§ **Instructions for the task**
In the records below, find the line containing "Around 2:20 a.m." and the line containing "行驶55分钟后,哈弄夺机来到". Give again exactly those lines and every line between them, omitting the pictures.

§ **Data extracts**
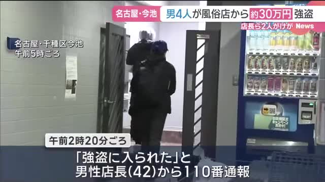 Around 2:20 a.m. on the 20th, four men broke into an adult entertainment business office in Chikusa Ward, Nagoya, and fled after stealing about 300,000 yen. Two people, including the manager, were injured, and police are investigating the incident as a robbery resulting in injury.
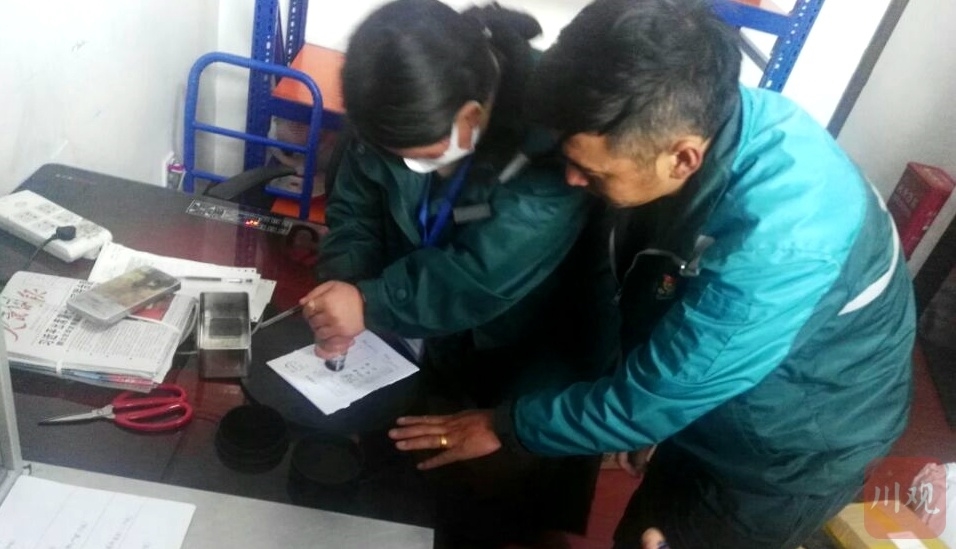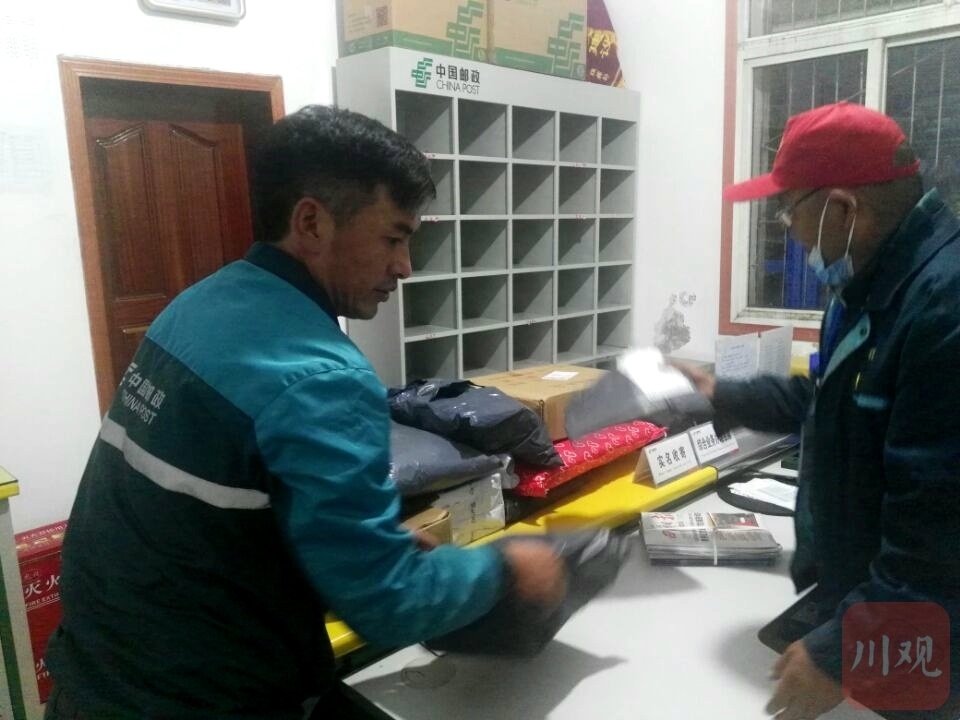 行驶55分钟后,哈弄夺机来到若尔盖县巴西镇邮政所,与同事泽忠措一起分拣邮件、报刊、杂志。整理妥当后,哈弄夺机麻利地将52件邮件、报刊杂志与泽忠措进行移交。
* * *
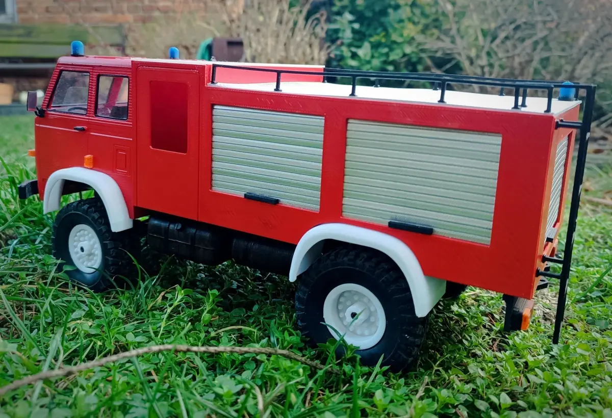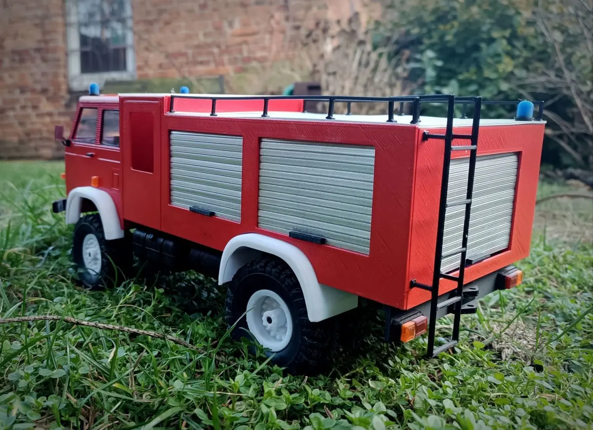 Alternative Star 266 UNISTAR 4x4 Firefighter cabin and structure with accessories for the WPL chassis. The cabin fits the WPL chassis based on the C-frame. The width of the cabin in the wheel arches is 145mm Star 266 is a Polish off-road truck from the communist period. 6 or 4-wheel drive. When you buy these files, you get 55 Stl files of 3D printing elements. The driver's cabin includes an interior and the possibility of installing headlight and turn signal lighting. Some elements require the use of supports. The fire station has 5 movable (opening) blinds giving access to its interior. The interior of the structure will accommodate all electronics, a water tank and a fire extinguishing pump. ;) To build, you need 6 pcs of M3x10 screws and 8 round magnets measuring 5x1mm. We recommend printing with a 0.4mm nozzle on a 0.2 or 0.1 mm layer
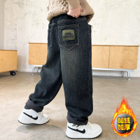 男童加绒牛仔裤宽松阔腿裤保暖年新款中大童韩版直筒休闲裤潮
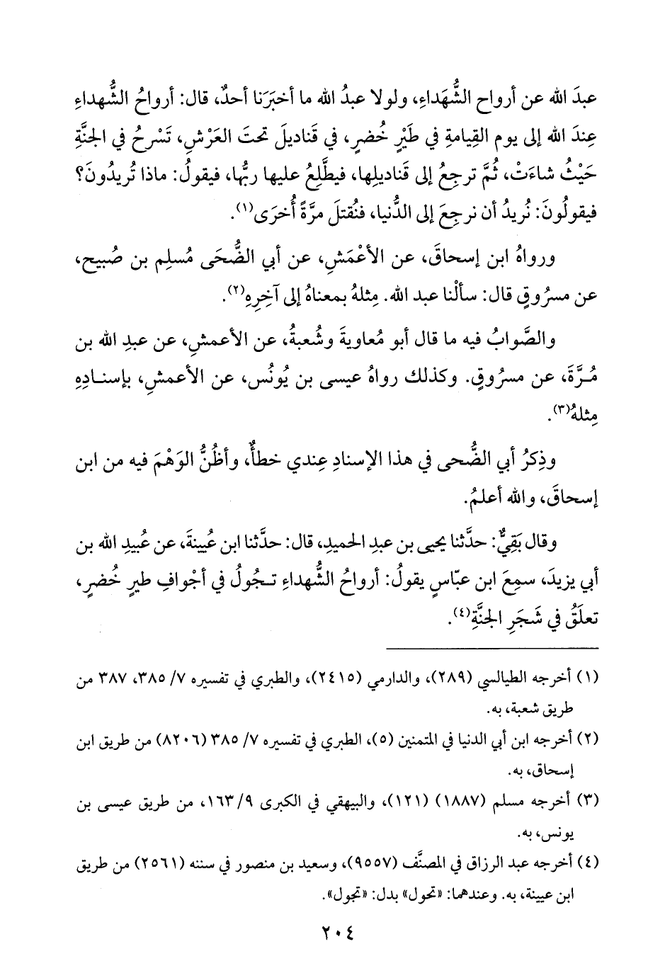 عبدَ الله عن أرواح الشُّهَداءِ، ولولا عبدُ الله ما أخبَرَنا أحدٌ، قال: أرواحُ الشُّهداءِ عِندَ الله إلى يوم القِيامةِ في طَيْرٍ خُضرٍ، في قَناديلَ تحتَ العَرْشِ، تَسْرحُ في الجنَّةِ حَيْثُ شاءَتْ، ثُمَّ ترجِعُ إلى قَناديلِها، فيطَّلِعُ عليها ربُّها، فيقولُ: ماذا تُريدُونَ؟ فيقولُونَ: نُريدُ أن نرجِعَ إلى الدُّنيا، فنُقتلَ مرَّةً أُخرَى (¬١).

§ **Response**
 Around 2:20 a.m. on the 20th, four men broke into an adult entertainment business office in Chikusa Ward, Nagoya, and fled after stealing about 300,000 yen. Two people, including the manager, were injured, and police are investigating the incident as a robbery resulting in injury.
 行驶55分钟后,哈弄夺机来到若尔盖县巴西镇邮政所,与同事泽忠措一起分拣邮件、报刊、杂志。整理妥当后,哈弄夺机麻利地将52件邮件、报刊杂志与泽忠措进行移交。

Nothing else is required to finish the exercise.